3
votes

I have several HDF5 files that contain the same two datasets each, data and labels. These datasets are multidimensional arrays and the first is dimension is the same for both.

I would like to combine the HDF5 files into one file and I think the best way would be to create a virtual dataset, [h5py reference], [HDF5 tutorial in C++]. However, I have not found any example in Python and h5py.

Is there any alternative to the virtual dataset or do you know of any example using h5py?

3

3 Answers

3
votes

This is an old question but anyway...

Virtual datasets have only just appeared (20 Dec 2018) fully in h5py v2.9

They have this example of creating a virtual dataset: https://github.com/h5py/h5py/blob/master/examples/vds_simple.py

I also did some experimenting to concatenate the data sets that the example creates.
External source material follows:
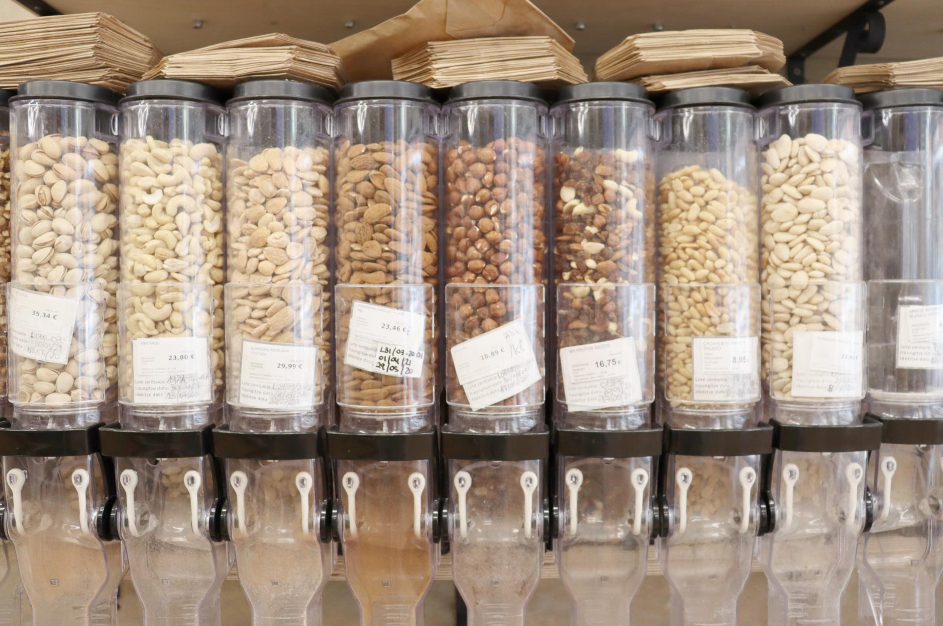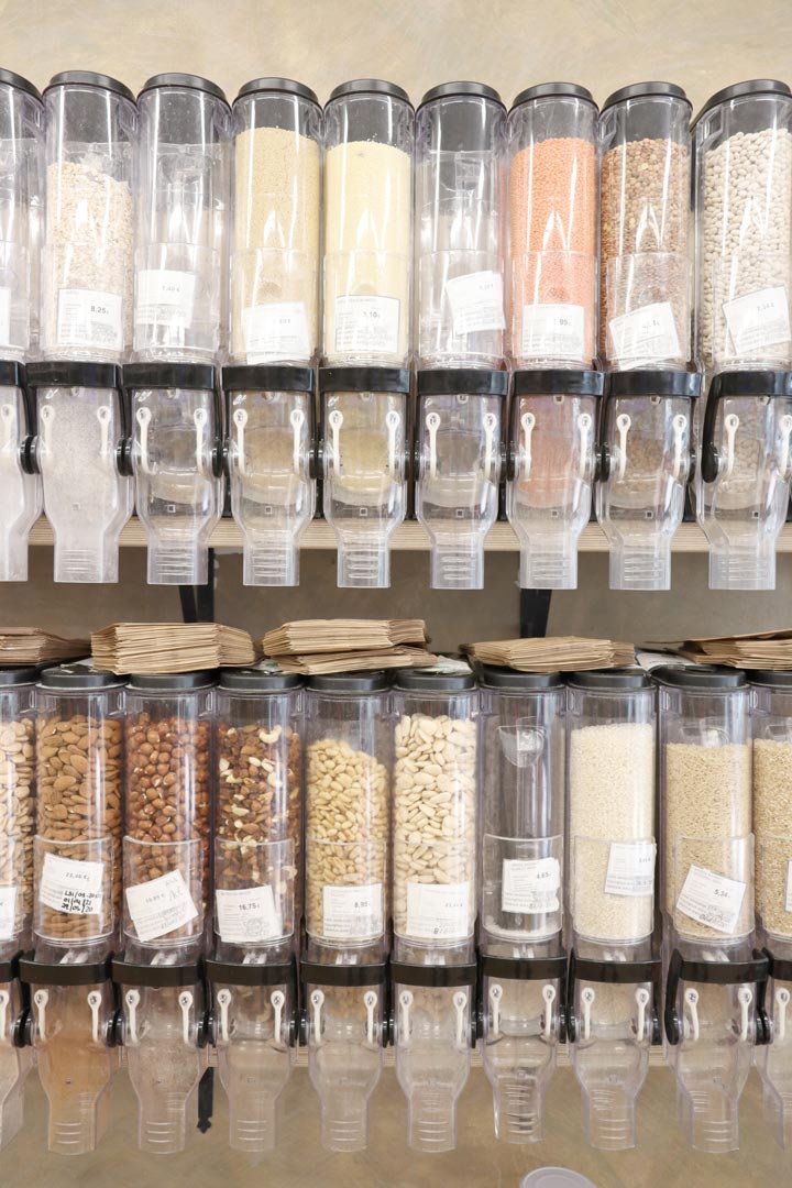 Entre los productos a granel pude ver verduras y fruta, legumbres y frutos secos y lavavajillas. El hecho de que sea un producto a granel implica que no está envasado, por lo tanto, puedes llevar tu propia bolsa de tela o puedes optar por las bolsas de papel que ofrece la tienda. Si tu idea es comprar lavavajillas a granel lo ideal es que lleves un envase vacío de casa para rellenarlo allí. Otra característica de los productos a granel es que puedes elegir tú la cantidad, lo que te permite hacer la compra en función de tus necesidades.

This just creates a 1D array.

import h5py
import numpy as np

file_names_to_concatenate = ['1.h5', '2.h5', '3.h5', '4.h5']
entry_key = 'data' # where the data is inside of the source files.

sources = []
total_length = 0
for i, filename in enumerate(file_names_to_concatenate):
    with h5py.File(file_names_to_concatenate[i], 'r') as activeData:
        vsource = h5py.VirtualSource(activeData[entry_key])
        total_length += vsource.shape[0]
        sources.append(vsource)

layout = h5py.VirtualLayout(shape=(total_length,),
                            dtype=np.float)

offset = 0
for vsource in sources:
    length = vsource.shape[0]
    layout[offset : offset + length] = vsource
    offset += length

with h5py.File("VDS_con.h5", 'w', libver='latest') as f:
    f.create_virtual_dataset(entry_key, layout, fillvalue=0)
0
votes

take gdal virtual format for a try.

0
votes

Someone has tried it. Example is here, but unfortunately I was not able to get it to work and also it seems to be syntactically incorrect. https://github.com/aaron-parsons/h5py/blob/1e467f6db3df23688e90f44bde7558bde7173a5b/docs/vds.rst#using-the-vds-feature-from-h5py

f = h5py.File("VDS.h5", 'w', libver='latest')
file_names_to_concatenate = ['1.h5', '2.h5', '3.h5', '4.h5', '5.h5']
entry_key = 'data' # where the data is inside of the source files.
sh = h5.File(file_names_to_concatenate[0],'r')[entry_key].shape # get the first ones shape.

TGT = h5.VirtualTarget(outfile, outkey, shape=(len(file_names_to_concatenate, ) + sh)

for i in range(num_projections):
    VSRC = h5.VirtualSource(file_names_to_concatenate[i]), entry_key, shape=sh)
    VM = h5.VirtualMap(VSRC[:,:,:], TGT[i:(i+1):1,:,:,:],dtype=np.float)
    VMlist.append(VM)

d = f.create_virtual_dataset(VMlist=VMlist,fillvalue=0)
f.close()